# 2 new videos



## baldiemac (Jan 24, 2011)

Hi all,

i have just posted 2 new videos 
one has some footage of my snowflake eel the other of the clown with he anemone
hope you enjoy


----------



## aunt kymmie (Jun 2, 2008)

Loved the videos! Looking forward to the video of your snowflake eating. Tomorrow at this time, right?? ;-)


----------



## baldiemac (Jan 24, 2011)

maybe, he has got to be hungry but i dont think there is any worries about that he is always hungry, glad you like the videos


----------



## LisaC144 (Oct 22, 2009)

You have a lot to be proud of. Your tank is amazing!!


----------



## baldiemac (Jan 24, 2011)

thanks, really appreciate your comments, it is hard work but sharing with everyone else helps motivate me,


----------



## Romad (Jun 28, 2009)

Love that eel!

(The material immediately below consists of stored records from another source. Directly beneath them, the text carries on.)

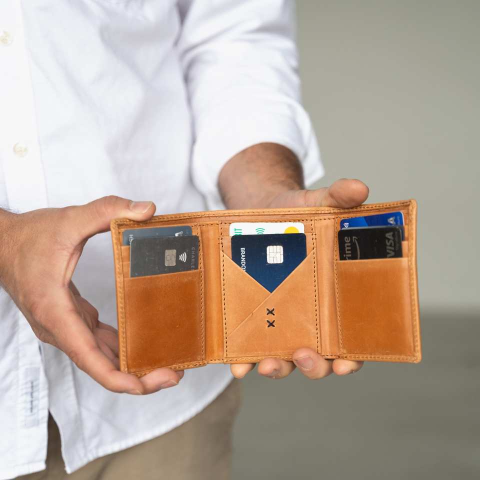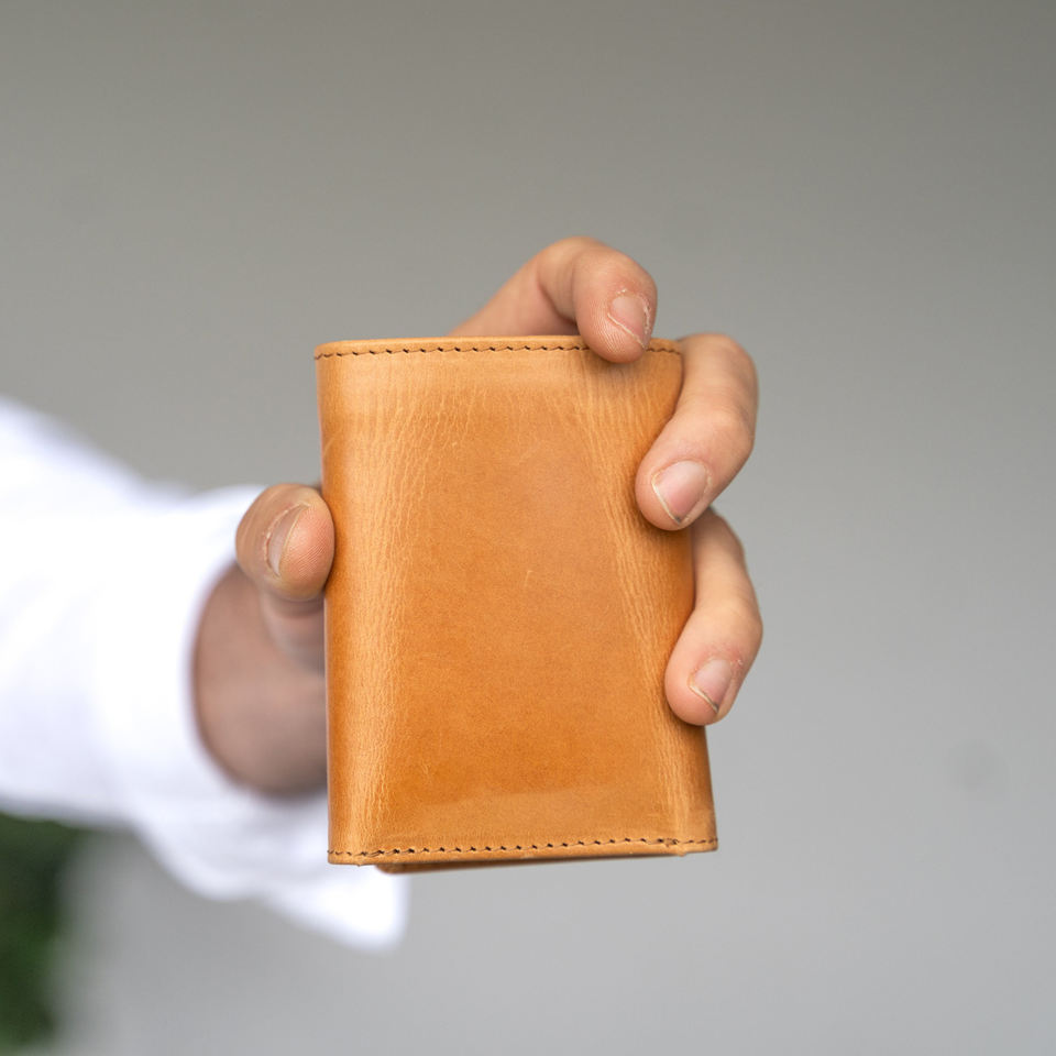 หนังม้าแท้วินเทจแบบพับสามทบเปิดสั้นกันขโมย RFID การปิดกั้นหนังวัวแท้ทำด้วยมือปรับสีได้
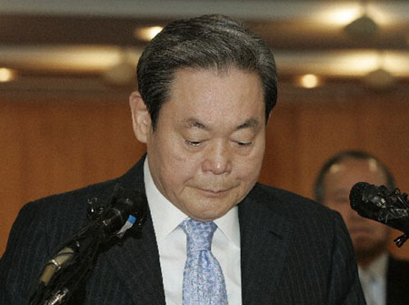Samsung Group Chairman Lee Kun-hee reacts during a news conference at the company's headquarters in Seoul April 22, 2008. [Agencies]
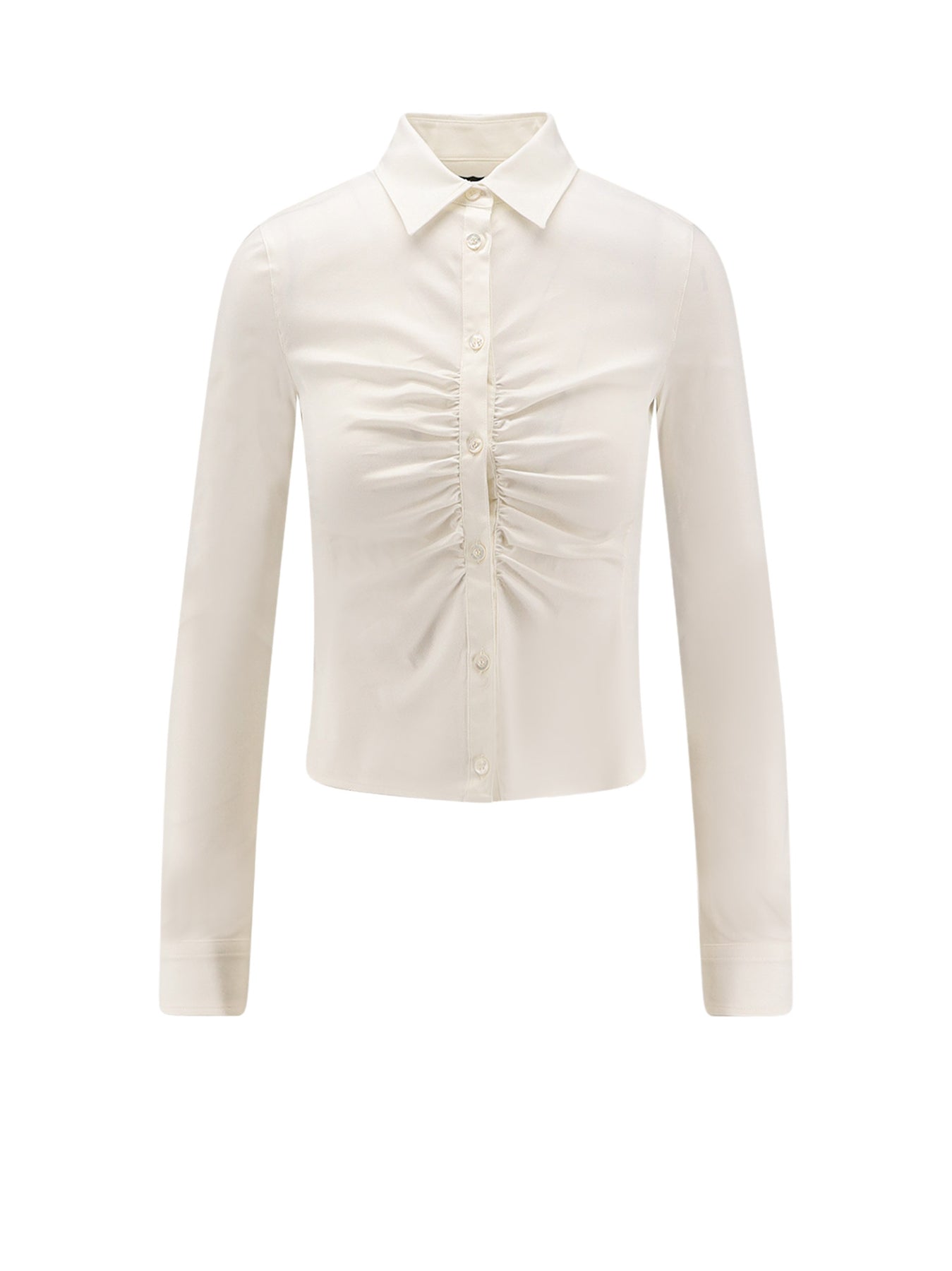 Button closure Pointed collar Gathered profile Made in Italy 85% cotton, 12% polyamide, 3% elastane SKU: 850785TSM199000
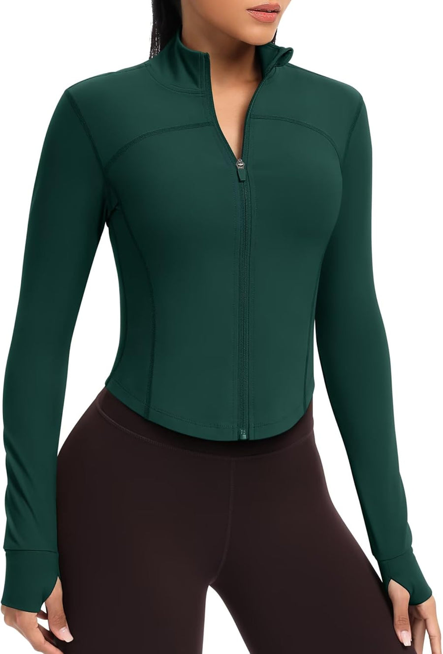 QUEENIEKE Kurze Damen Sportjacke – Leichtes atmungsaktives Yoga-Oberteil mit Daumenlöchern für Fitne
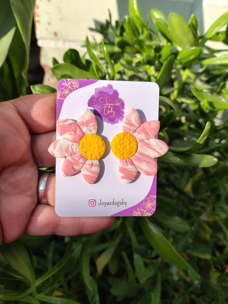Arito en forma de flor en arcilla polimerica color rosa con base de acero inoxidable.
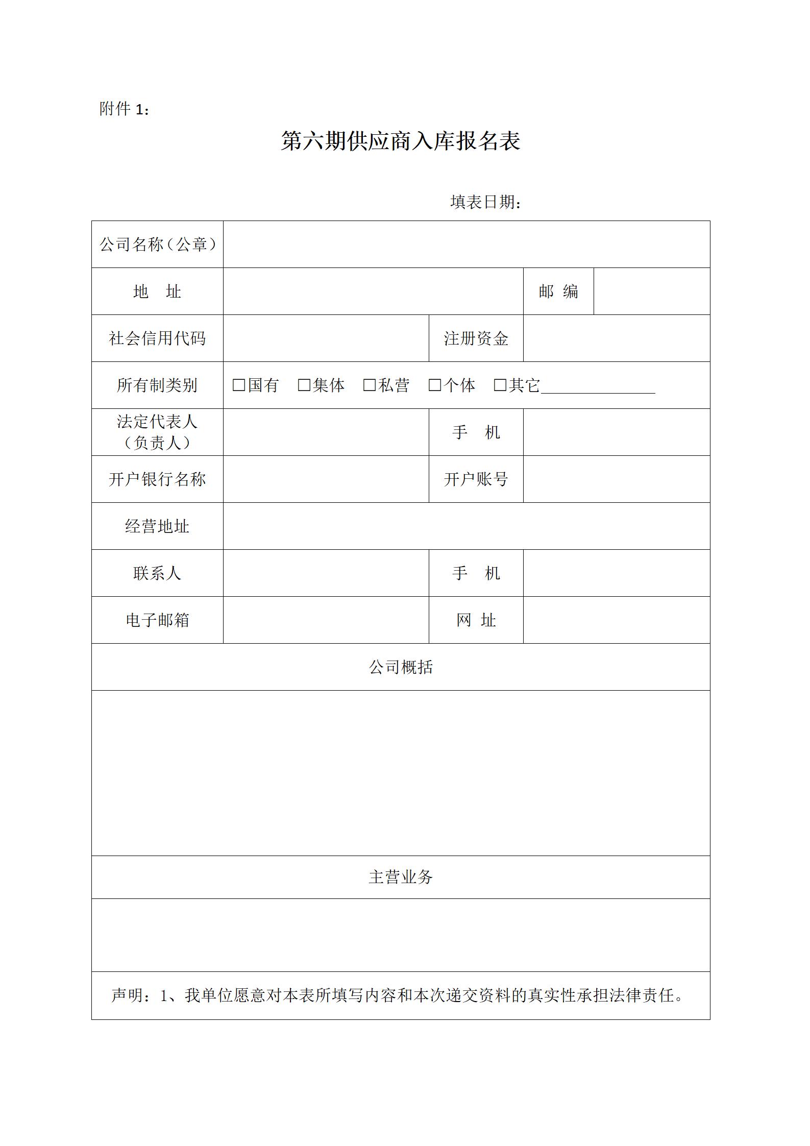 1、供應(yīng)商入庫報名表(見附件);
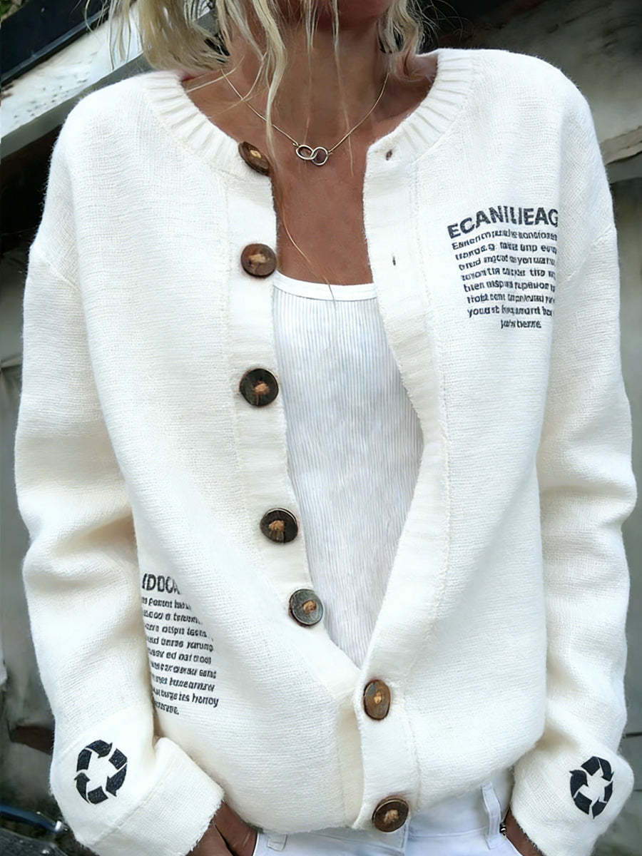 Damski vintage polski ekologiczny nadruk wygodny kardigan
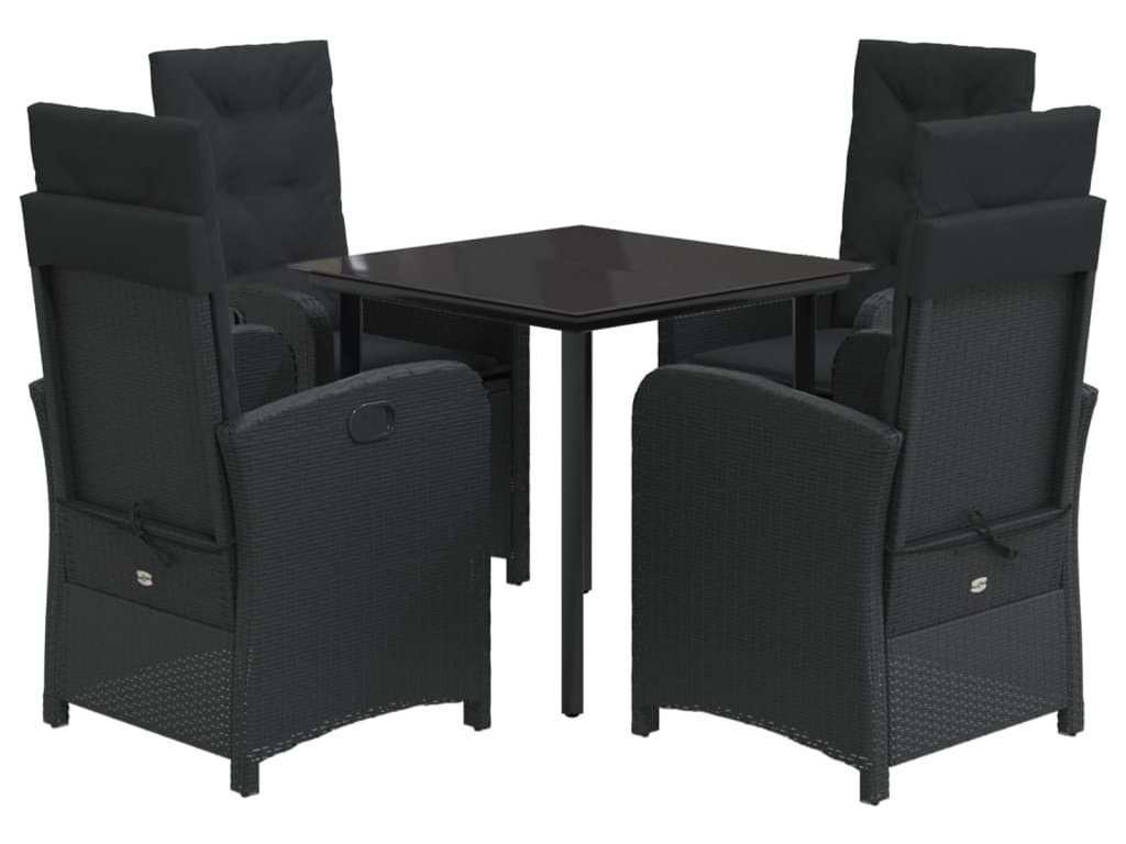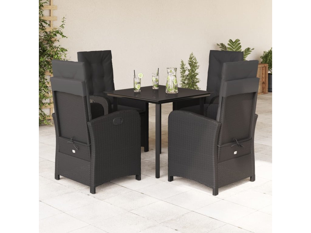 5dílný zahradní jídelní set s poduškami černý polyratan [3212321]

How old is he/she? 

:thumbsup: :thumbsup:


----------



## baldiemac (Jan 24, 2011)

i have only had the eel for 4 months, she was half the size but she is very active, when I first got her I was told that she will eat until she is full and that I would probably have to hand feed near her hiding hole I then would not see her until she was hungry again, I did that to start then decided that maybe she would hunt for food if she was hungry, well she is always out and as you can see well fed, she will take dillies and krill but she also takes pellets (formula one and two), I was amazed when she took those, hopefully tomorrow I will get some footage of her feeding and post for all to enjoy


----------



## Romad (Jun 28, 2009)

Looking forwared to seeing that. I could sit in front of your tank for hours just watching snowflake


----------



## baldiemac (Jan 24, 2011)

I do..lol


----------



## LisaC144 (Oct 22, 2009)

Thank you for sharing the video of your eel eating. It was really cool!! No wonder he grew so big. He eats like a monster  I don't know anything about salt water, but would he ever go after your fish if hunry enough?


----------



## baldiemac (Jan 24, 2011)

he would take live fish but mine are all to big apart from the damsel which is too quick for him anyway, he hasn't tried for him yet, if he was hungry enough he might but he is well fed so hopefully he wont


----------